Data extracted from a collection
# # # # #

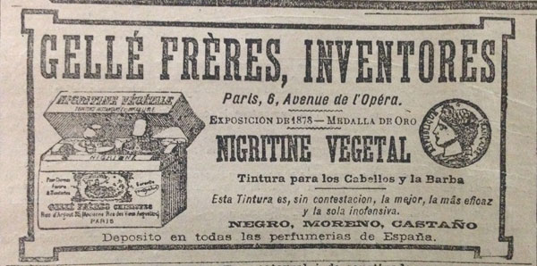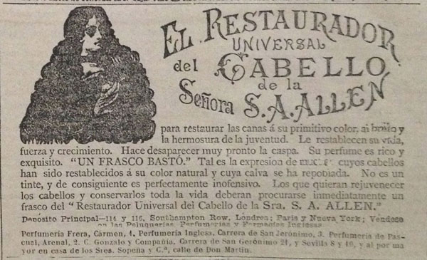 El restaurador universal del cabello de la Señora S.A. Allen. «Hace desaparecer muy pronto la caspa» y «no es un tinte, y de consiguiente es perfectamente inofensivo».
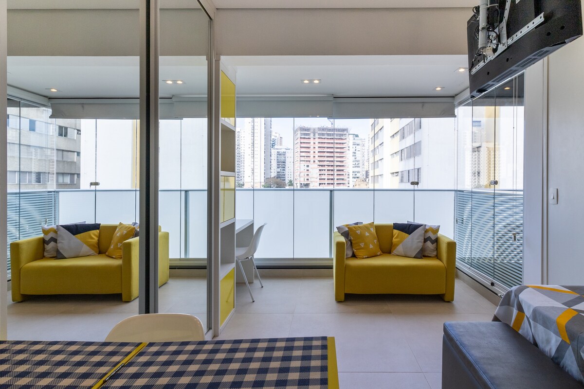 Студия класса люкс на улице Оскара Фрейре Современный, изысканный и полный, на самой знаменитой улице Сан-Паулу с роскошными магазинами. Студия на 24-м этаже, с видом на Ав-Паулиста. Хорошо оборудованный телевизор, 55-дюймовый телевизор, Wi-Fi Vivo Fibra 200, кабельное телевидение, тихий кондиционер, кофеварка, плита и мини-бар, автоматизированная затемняющая штора, портативный испаритель одежды, кухонная утварь, фен, мягкие простыни и полотенца, мыло и шампунь/кондиционер.
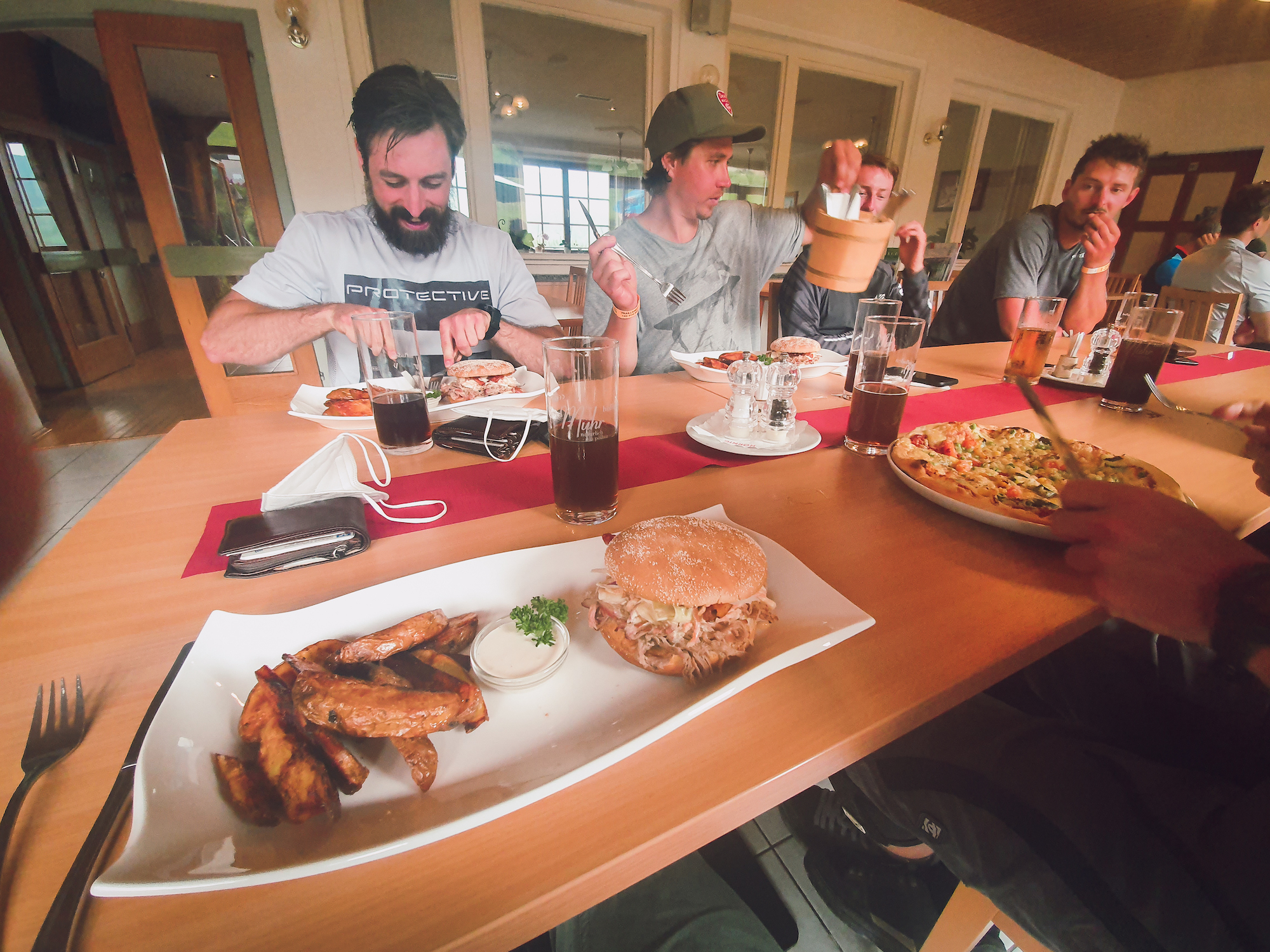 After a nice morning on the bikes a thunderstorm came down and we stopped riding. The restaurant next to the park served us with some tasty burgers and pizza and we celebrated our first successful bike trip in 2021.
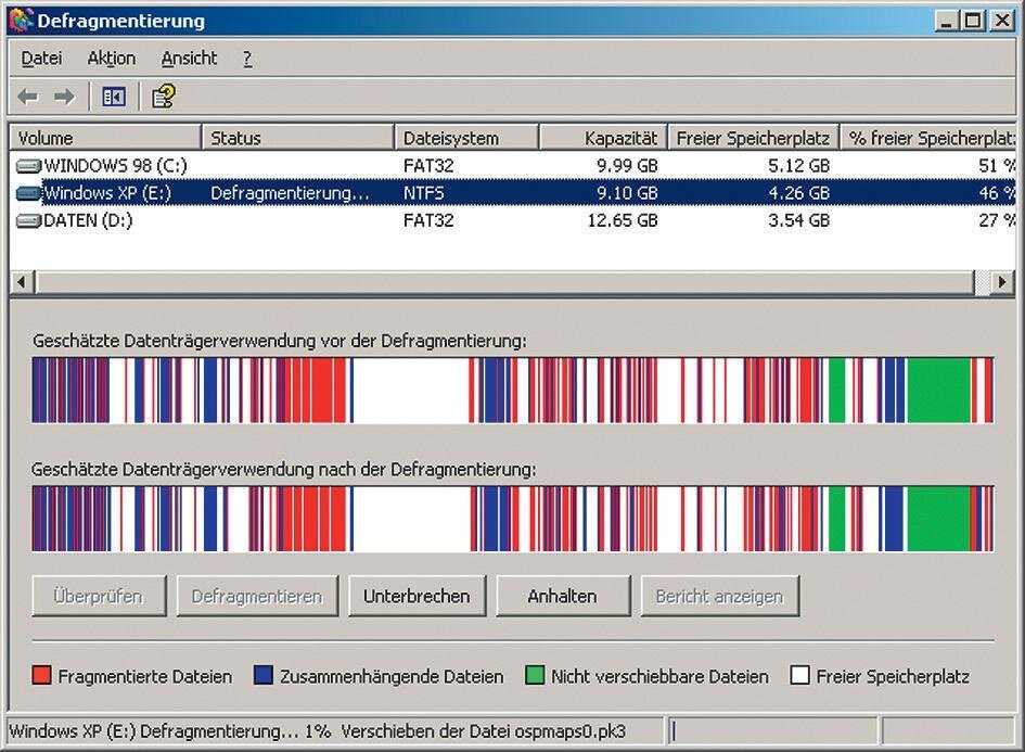 Nachdem Sie unter Punkt 5 eine Auslagerungsdatei festgelegt haben, sollten Sie jetzt Ihre Festplatten defragmentieren. Dabei werden Dateien auf der Festplatte geordnet und in mehrere Stücke (Fragmente) geteilte Dateien zusammengefügt. Hierzu starten Sie über »Start/Programme/Zubehör/Systemprogramme« die »Defragmentierung«. Wählen Sie die zu optimierende Partition und testen Sie mit »Überprüfen«, ob der Datenträger defragmentiert werden muss. Richten Sie sich nach der Empfehlung des Programms, und starten Sie den Vorgang mit »Defragmentieren«. Wiederholen Sie das mit den übrigen Laufwerken. Das dauert je nach Unordnung, Größe und Dateisystem der Datenträger bis zu mehreren Stunden.
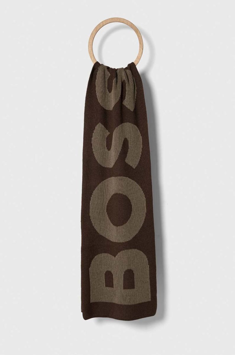 Шарф з домішкою вовни BOSS колір коричневий візерунок
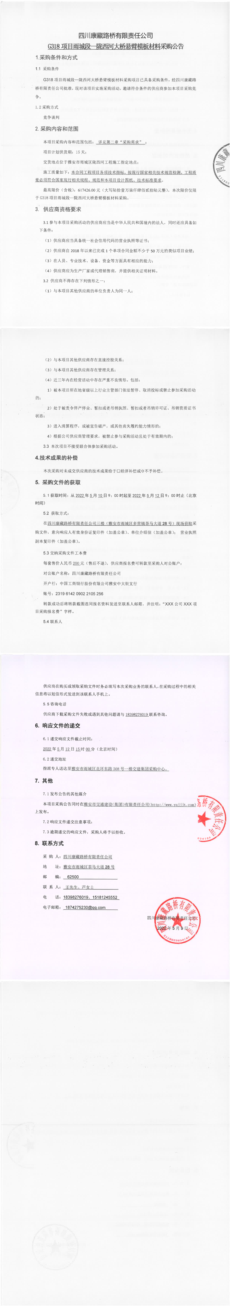 四川康藏路橋有限責(zé)任公司G318項(xiàng)目雨城段-隴西河大橋懸臂模板材料采購(gòu)公告
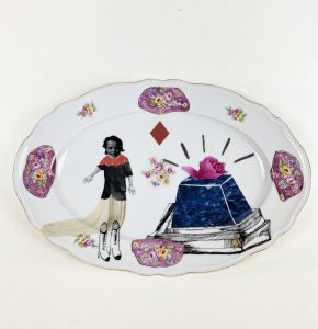 Serving oval. Collaged and illustrated.
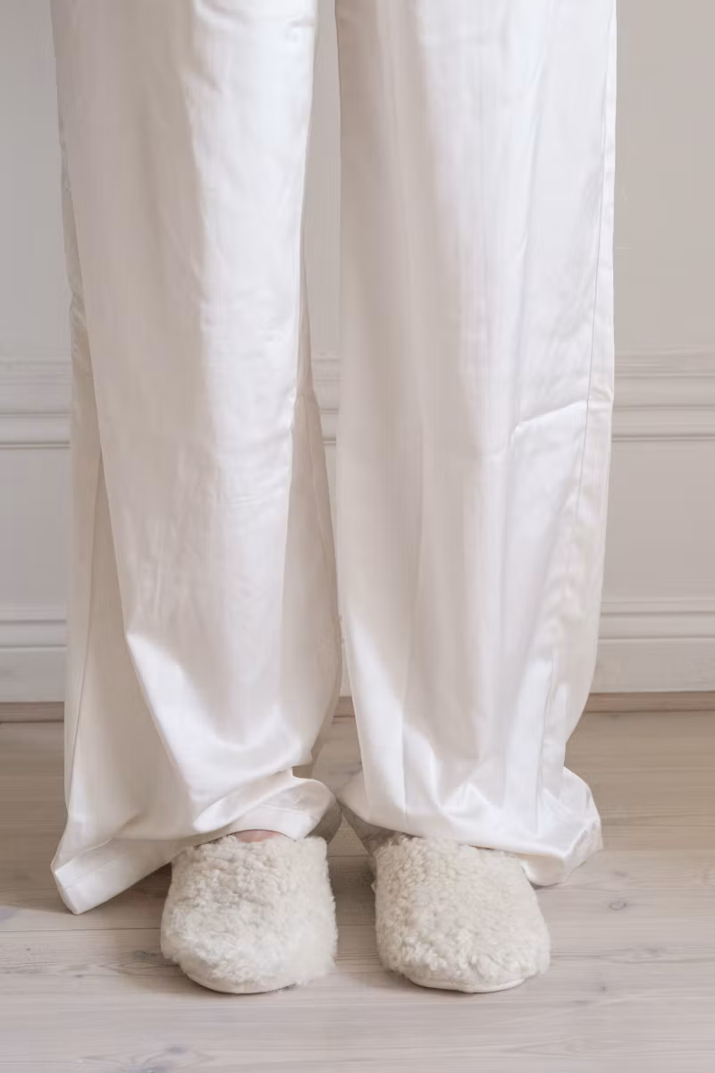 Natural leather slippers, skillfully stitched by true artisans using techniques that are passed down from generations. The wool of shearling adapts to the body’s natural temperature, keeping feet fresh during the warmer months, whilst warm and cosy in winter. Lined with buttery soft natural leather, each slipper moulds perfectly to the shape of your foot. Please note that this is a handmade item, therefore slight imperfections may be found, but we find this only adds to their charm.
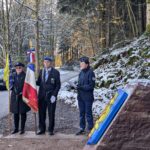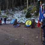 Une plaque récemment installée au-dessus de l’ancienne maison forestière Saint-Martin, dans le massif du Kemberg, au niveau du sentier d’où sont arrivés les militaires américains le 17 novembre 1944. En se penchant dessus, on peut y lire des extraits de cet événement, à travers le récit de Lucien Biehler, rédigé le 15 décembre 1944 et issu du fonds de la Société Philomatique Vosgienne.
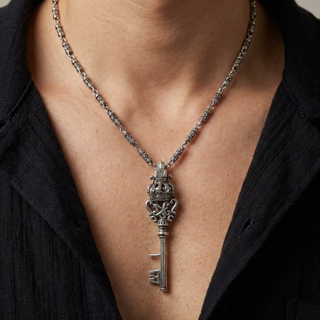 Tribal Rocker Crown Key 925 Sterling-hopeaa miesten kaulakoru
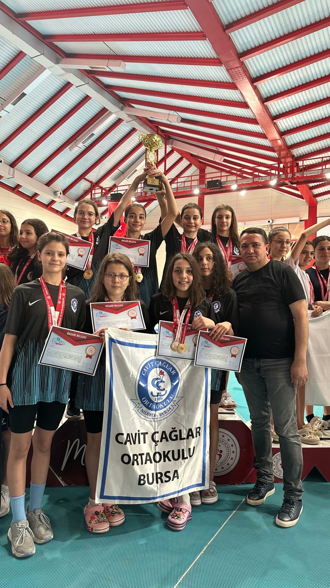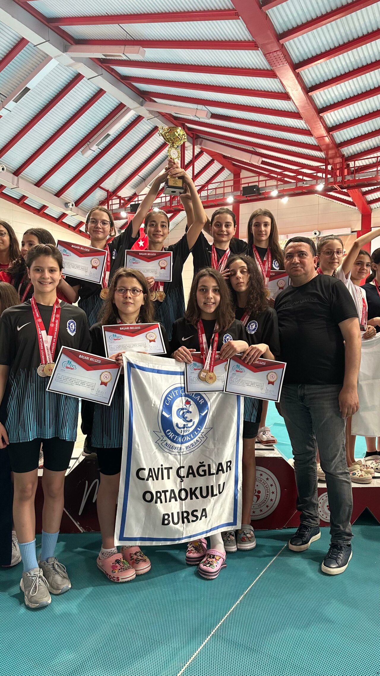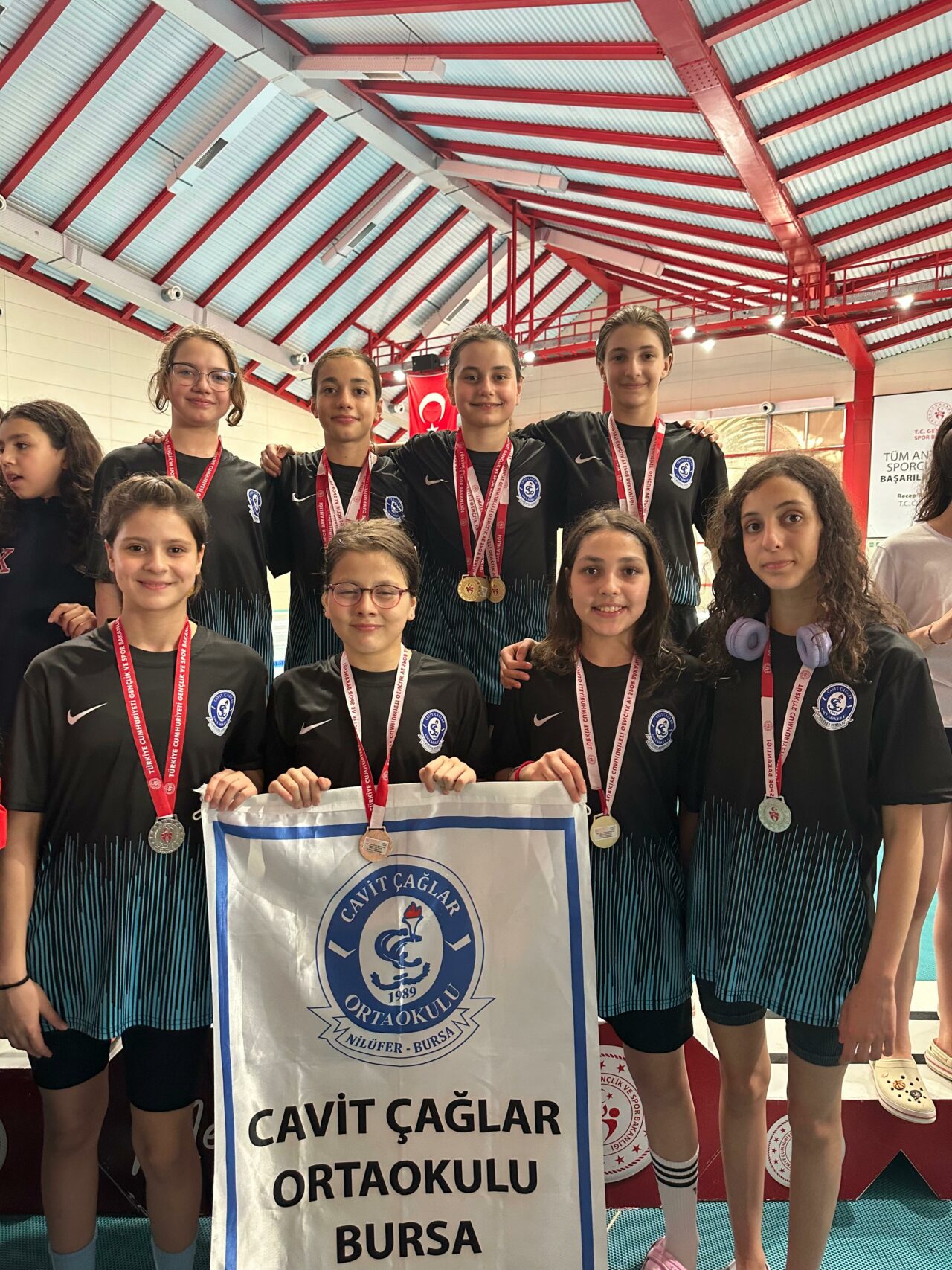 Mersin’de 24-25 Mayıs tarihlerinde yapılan Okul Sporları Küçükler Türkiye Yüzme Şampiyonası’nda Nilüfer ilçesinde bulunan Cavit Çağlar Ortaokulu Kız Takımı şampiyon oldu.
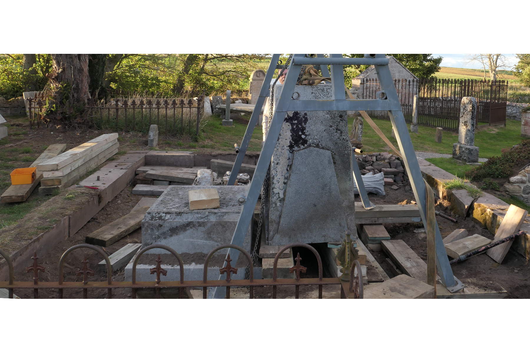 We cautiously raised the pyramid, sliding in wooden supports as we went, elevating the Kirkmichael Gantry three inch slab by three inch slab, and at the same time moving the pyramid towards the memorial base slabs. In the late evening gloom we eventually reached the height of the supports and bridged the gap.
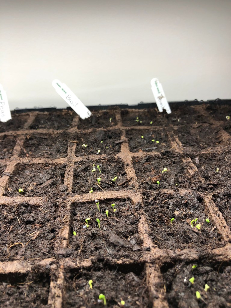 A lot of plants grew! Some plants didn’t grow yet. Peas and Catnip didn’t grow. The Basil and Flower mix grew the most.
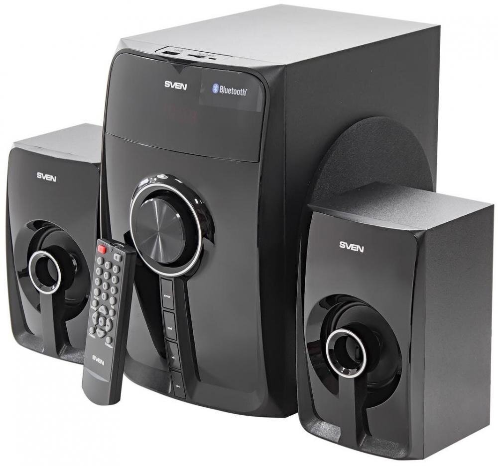 Внешний вид и конструкция Конструкцию SVEN MS-307 можно назвать классической, корпуса сабвуфера и сателлитов изготовлены из дерева – излюбленного материала меломанов. Дизайн акустики соответствует моде: сияющий черный глянец на лицевых панелях и нетривиальные декоративные элементы, напоминающие
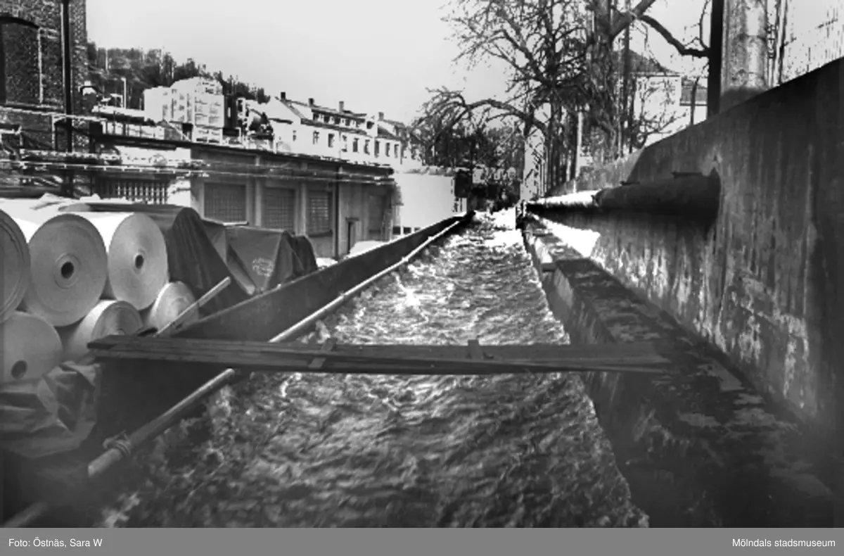 Exteriör utanför Papyrus, med forsen och pappersbalar i förgrunden, 1980-tal.
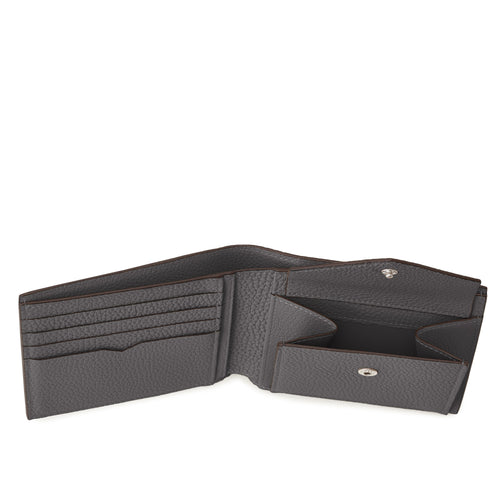 - A men's bi-fold wallet made of luxurious shrink leather.

# # # # #

All the records above must be retyped exactly, except for their pictures.

 El restaurador universal del cabello de la Señora S.A. Allen. «Hace desaparecer muy pronto la caspa» y «no es un tinte, y de consiguiente es perfectamente inofensivo».
 Студия класса люкс на улице Оскара Фрейре Современный, изысканный и полный, на самой знаменитой улице Сан-Паулу с роскошными магазинами. Студия на 24-м этаже, с видом на Ав-Паулиста. Хорошо оборудованный телевизор, 55-дюймовый телевизор, Wi-Fi Vivo Fibra 200, кабельное телевидение, тихий кондиционер, кофеварка, плита и мини-бар, автоматизированная затемняющая штора, портативный испаритель одежды, кухонная утварь, фен, мягкие простыни и полотенца, мыло и шампунь/кондиционер.
 After a nice morning on the bikes a thunderstorm came down and we stopped riding. The restaurant next to the park served us with some tasty burgers and pizza and we celebrated our first successful bike trip in 2021.
 Nachdem Sie unter Punkt 5 eine Auslagerungsdatei festgelegt haben, sollten Sie jetzt Ihre Festplatten defragmentieren. Dabei werden Dateien auf der Festplatte geordnet und in mehrere Stücke (Fragmente) geteilte Dateien zusammengefügt. Hierzu starten Sie über »Start/Programme/Zubehör/Systemprogramme« die »Defragmentierung«. Wählen Sie die zu optimierende Partition und testen Sie mit »Überprüfen«, ob der Datenträger defragmentiert werden muss. Richten Sie sich nach der Empfehlung des Programms, und starten Sie den Vorgang mit »Defragmentieren«. Wiederholen Sie das mit den übrigen Laufwerken. Das dauert je nach Unordnung, Größe und Dateisystem der Datenträger bis zu mehreren Stunden.
 Шарф з домішкою вовни BOSS колір коричневий візерунок
 四川康藏路橋有限責(zé)任公司G318項(xiàng)目雨城段-隴西河大橋懸臂模板材料采購(gòu)公告
 Serving oval. Collaged and illustrated.
 Natural leather slippers, skillfully stitched by true artisans using techniques that are passed down from generations. The wool of shearling adapts to the body’s natural temperature, keeping feet fresh during the warmer months, whilst warm and cosy in winter. Lined with buttery soft natural leather, each slipper moulds perfectly to the shape of your foot. Please note that this is a handmade item, therefore slight imperfections may be found, but we find this only adds to their charm.
 Une plaque récemment installée au-dessus de l’ancienne maison forestière Saint-Martin, dans le massif du Kemberg, au niveau du sentier d’où sont arrivés les militaires américains le 17 novembre 1944. En se penchant dessus, on peut y lire des extraits de cet événement, à travers le récit de Lucien Biehler, rédigé le 15 décembre 1944 et issu du fonds de la Société Philomatique Vosgienne.
 Tribal Rocker Crown Key 925 Sterling-hopeaa miesten kaulakoru
 Mersin’de 24-25 Mayıs tarihlerinde yapılan Okul Sporları Küçükler Türkiye Yüzme Şampiyonası’nda Nilüfer ilçesinde bulunan Cavit Çağlar Ortaokulu Kız Takımı şampiyon oldu.
 We cautiously raised the pyramid, sliding in wooden supports as we went, elevating the Kirkmichael Gantry three inch slab by three inch slab, and at the same time moving the pyramid towards the memorial base slabs. In the late evening gloom we eventually reached the height of the supports and bridged the gap.
 A lot of plants grew! Some plants didn’t grow yet. Peas and Catnip didn’t grow. The Basil and Flower mix grew the most.
 Внешний вид и конструкция Конструкцию SVEN MS-307 можно назвать классической, корпуса сабвуфера и сателлитов изготовлены из дерева – излюбленного материала меломанов. Дизайн акустики соответствует моде: сияющий черный глянец на лицевых панелях и нетривиальные декоративные элементы, напоминающие
 Exteriör utanför Papyrus, med forsen och pappersbalar i förgrunden, 1980-tal.
 - A men's bi-fold wallet made of luxurious shrink leather.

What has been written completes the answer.